Speculative Bets on These US-Listed Small-Cap Stocks – HYLN, CCHWF, AZRE

Dec 14, 2021 | Team Kalkine
Speculative Bets on These US-Listed Small-Cap Stocks – HYLN, CCHWF, AZRE

Hyliion Holdings Corp.

HYLN Details

Hyliion Holdings Corp. (NYSE: HYLN) is a designer, developer, and marketer of electrified powertrain solutions to reduce carbon intensity and greenhouse gas (GHG) emissions of Class 8 commercial trucks. The company uses its advanced software algorithms and data analytics capabilities, enabling fleets to decrease their fuel and operating expenses and integrate seamlessly with their existing fleet operations. With its electric hybrid system in testing and the Hypertruck ERX system in the prototype phase, the company is at the pre-commercialization stage of development.

Latest News:

  • Key Appointment: On October 14, 2021, HYLN appointed Mr Shiva Duraiswamy as Vice President of Engineering. He will lead technical teams at HYLN focusing on powertrain and battery innovation initiatives and control and software system implementation.

Q3FY21 Results:

  • Surge in Loss from Operations: The core business operations of HYLN have yet to generate revenue.
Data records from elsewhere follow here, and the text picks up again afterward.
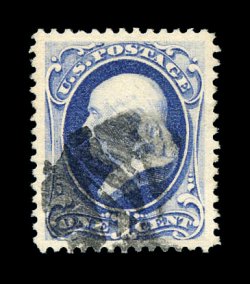 338 O image#182, 1c Dark ultramarine, select used example, extraordinarily large and perfectly balanced margins, deep rich color on bright paper, unusual cancel, extremely fine; a surprisingly tough stamp to find in this gem used condition; 2000 PSE certificate. (Image) 3.50
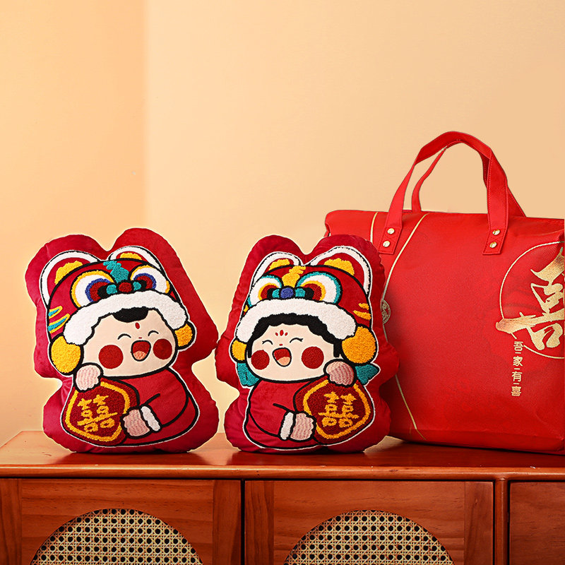 📚 压床娃娃一对结婚新款高档红色喜字抱枕新婚婚庆公仔喜娃金童玉女
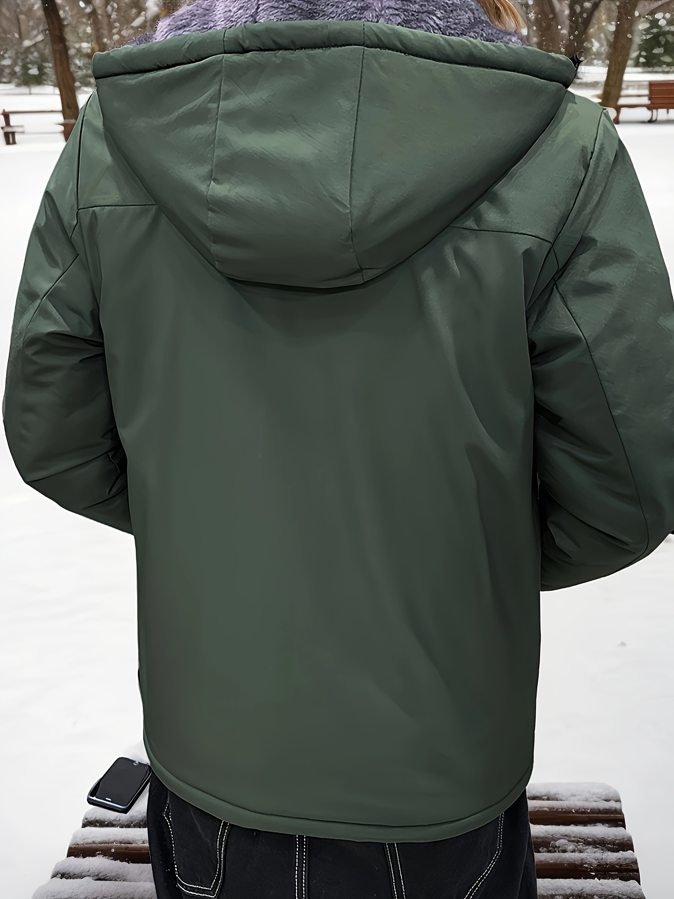 Warm Hooded Jacket Winter Warm Fleece-Lined Men's Hooded Jacket
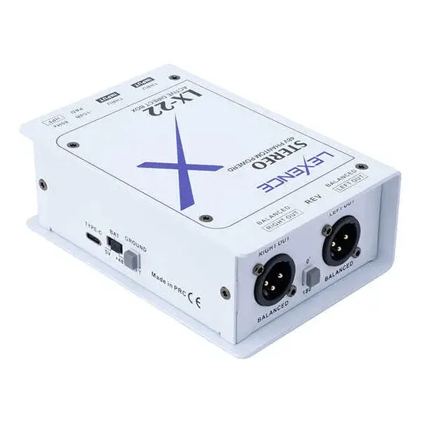 Lexence LX-22 Aktif Stereo DI Box, klavye, bilgisayar, ses kartı, DJ mikseri ve diğer line seviye stereo ses kaynaklarını profesyonel sahne ve stüdyo sistemlerine dengeli (balanced) ve parazitsiz şekilde aktarmak için tasarlanmış aktif bir DI çözümüdür. Stereo yapısı sayesinde sol ve sağ kanalları ayrı ayrı işleyerek miksere veya ses sistemine net, temiz ve kayıpsız sinyal iletimi sağlar.
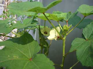 今朝方、オクラの花が二輪咲いていた。
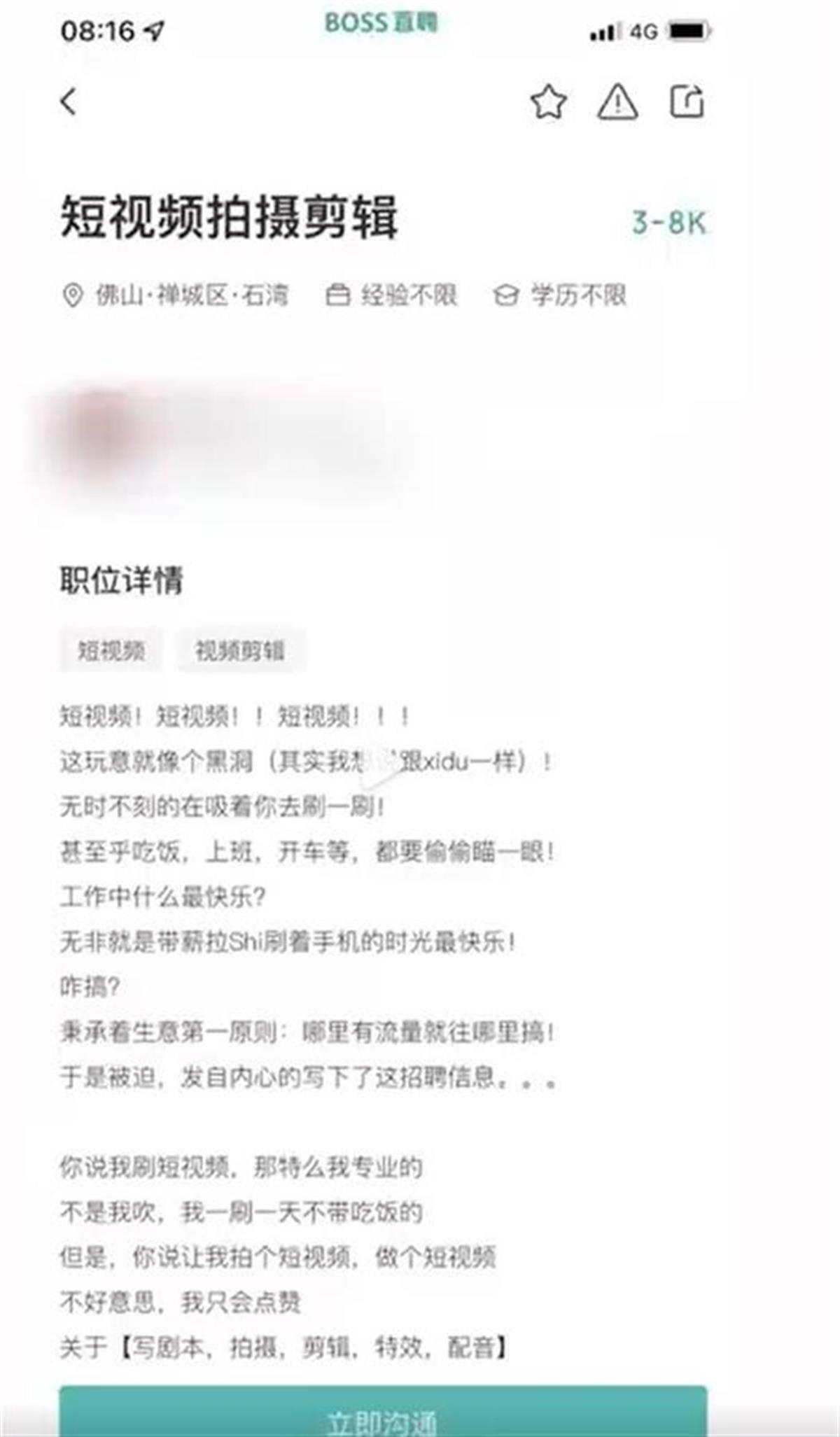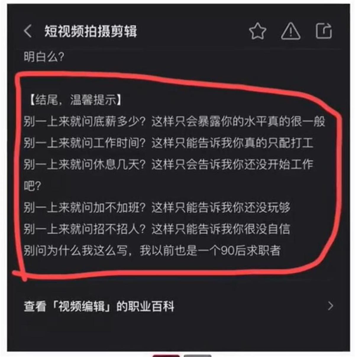 网传信息显示,发布招聘信息的为广东佛山的一家信息技术公司,招聘的工作岗位为短视频拍摄剪辑,但在岗位介绍中并没有提工资待遇、具体工作内容等,只是说为了追逐短视频的流量招短视频人才。更为奇葩的是招聘信息结尾“温馨提示”的内容。其中提到,“别上来就问底薪多少,这样只能证明你的水平很一般。”“别上来就问加不加班,这样只能告诉我你还没玩够。”
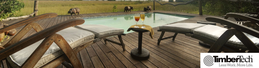 TIMBERTECH Composite wooden decking in various species of different colours and perfect design that offers a non slippery surface with a good grip and effective acupressure to exposed feet recommended for wet areas like the surrounding of swimming pools, gardens, parks, spas, walkways and jogging tracks.
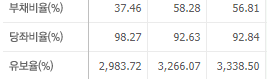 부채비율은 약 56%, 당좌비율 약 92%, 유보울은 3338%를 보여주고 있는 재정적으로 안정적인 모습입니다.
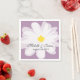 Personalised paper wedding napkins with daisy flower. Chic paper napkins with purple backrgound colour and floral design. Nature design with stylish script calligraphy typography. Make your own unique classy party napkins with name of bride and groom plus date of marriage. Customisable background colour and monogram. Beautiful design for romantic weddings, fancy bridal party, country chic reception dinner party and outdoor garden BBQ's in the summer. Also nice for refined engagement or sophisticated anniversary party if you change the wording. Dinner and Beverage cocktail napkins.
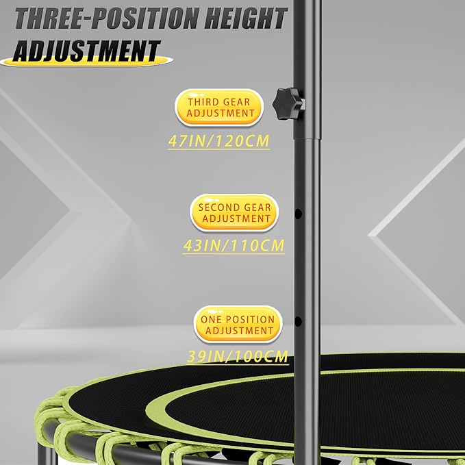 40" Fitness Trampoline with Adjustable Handle Bar Silent Mini Trampoline Bungee Rebounder Jumping Cardio Trainer Workout for Adults - Maximum Load 150 kg

It reported an expansion in loss from operations to USD 26.81 million during Q3FY21 (ended September 30, 2021) compared to USD 5.05 million during Q3FY20 due to an increase in research & development (R&D) and selling, general and administrative (SG&A) expenses.
  • Expansion of Net Loss: HYLN reported an increase in net losses to USD 26.62 million during Q3FY21 vs. USD 9.10 million during Q3FY20.
  • Cash and Debt Position: As of September 30, 2021, the company had cash & cash equivalents (including short-term investments) of USD 433.95 million and no outstanding debt.

Key Risks:

  • Supplier Concentration Risk: HYLN's electric powertrain solutions rely on highly sophisticated and complicated software and hardware developed and maintained in-house or by third parties. These software and hardware may have flaws, faults, or vulnerabilities that, if not discovered promptly, could harm the company's reputation, lead to customer loss, and impact its business.

Outlook:

  • Revenue Guidance: HYLN stated on November 09, 2021, that it expects to begin deliveries of its Hybrid eX in Q4FY21.
  • Operating Expense Guidance: It also expects its operational expenditures, including R&D and SG&A expenses, to be in the range of USD 110 - 120 million for FY21.

HYLN Daily Technical Chart (Source: REFINITIV)

Stock Recommendation:

HYLN's share price has declined 58.67% in the past nine months and is currently leaning towards the lower-band of its 52-week range of USD 5.63 to USD 22.25. The stock is currently trading below its 50 and 200 DMA levels, and its RSI Index is at 33.80.

Considering the significant correction in the stock price, debt-free status, anticipated revenue generation in FY21, current valuation, and associated risks, we recommend a "Speculative Buy" rating on the stock at the current price of USD 6.085, down 2.48% as of December 13, 2021, 12:52 PM ET.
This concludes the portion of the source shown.